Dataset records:
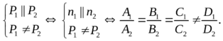 1) Плоскости параллельны (но не совпадают). В этом случае векторы нормалей должны быть коллинеарны:
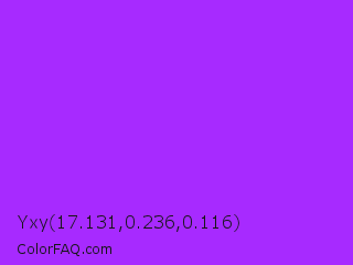 Yxy 17.131,0.236,0.116 Color is a normal purple color and the nearest color is Veronica #a020f0. Hex code #a72aff and RGB value is rgb(167,42,255). In RGB color space, this color is composed of 65% red, 16% green, 100% blue, In CMYK color space, this color is composed of 35% cyan, 84% magenta, 0% yellow , 0% black , In HSL color space, this color has a hue angle of 275° , 100% saturation and 58% lightness.
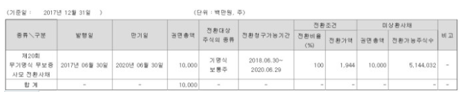 이 회사는 지난해 6월 30일 '무기명식 무보증 사모 전환사채(CB)' 100억원을 발행했다. 전환가액은 1944원, 전환청구가능기간은 2020년 6월 29일까지이고, 전환가능주식수는 514만주였다.
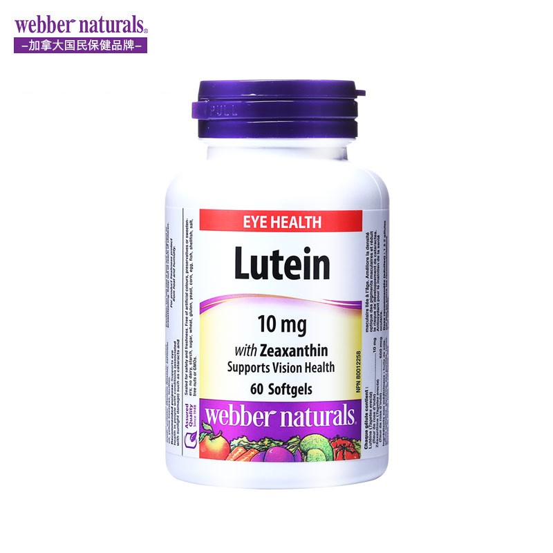 伟博天然Webber Naturals叶黄素10mg与玉米黄素500mcg软胶囊 60粒
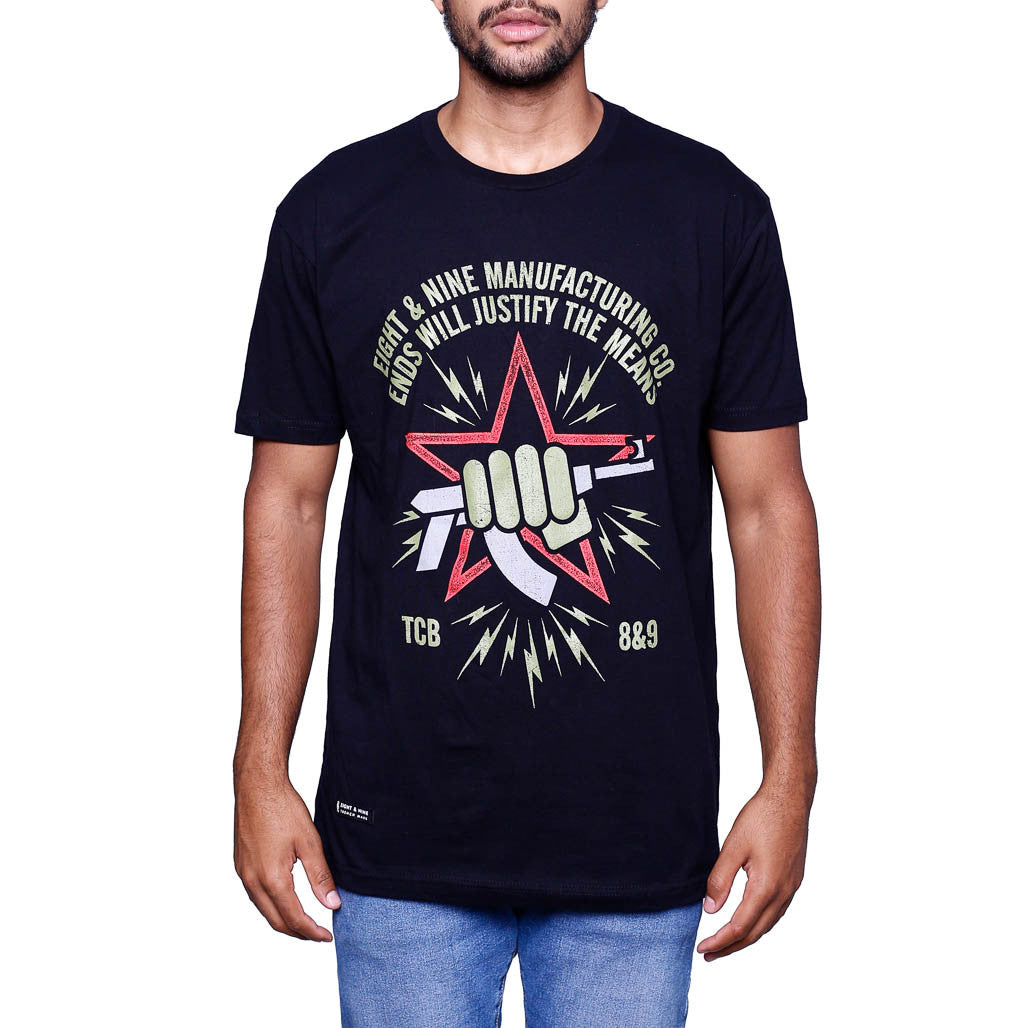 "Ends Will Justify The Means." New piece from the CCCP collection, inspired by the special forces. Beautiful military and red on premium black ring spun cotton. Classic pick up.

What to do —
For this exercise, return every entry verbatim and omit all pictures.

Answer section —
 1) Плоскости параллельны (но не совпадают). В этом случае векторы нормалей должны быть коллинеарны:
 Yxy 17.131,0.236,0.116 Color is a normal purple color and the nearest color is Veronica #a020f0. Hex code #a72aff and RGB value is rgb(167,42,255). In RGB color space, this color is composed of 65% red, 16% green, 100% blue, In CMYK color space, this color is composed of 35% cyan, 84% magenta, 0% yellow , 0% black , In HSL color space, this color has a hue angle of 275° , 100% saturation and 58% lightness.
 이 회사는 지난해 6월 30일 '무기명식 무보증 사모 전환사채(CB)' 100억원을 발행했다. 전환가액은 1944원, 전환청구가능기간은 2020년 6월 29일까지이고, 전환가능주식수는 514만주였다.
 伟博天然Webber Naturals叶黄素10mg与玉米黄素500mcg软胶囊 60粒
 "Ends Will Justify The Means." New piece from the CCCP collection, inspired by the special forces. Beautiful military and red on premium black ring spun cotton. Classic pick up.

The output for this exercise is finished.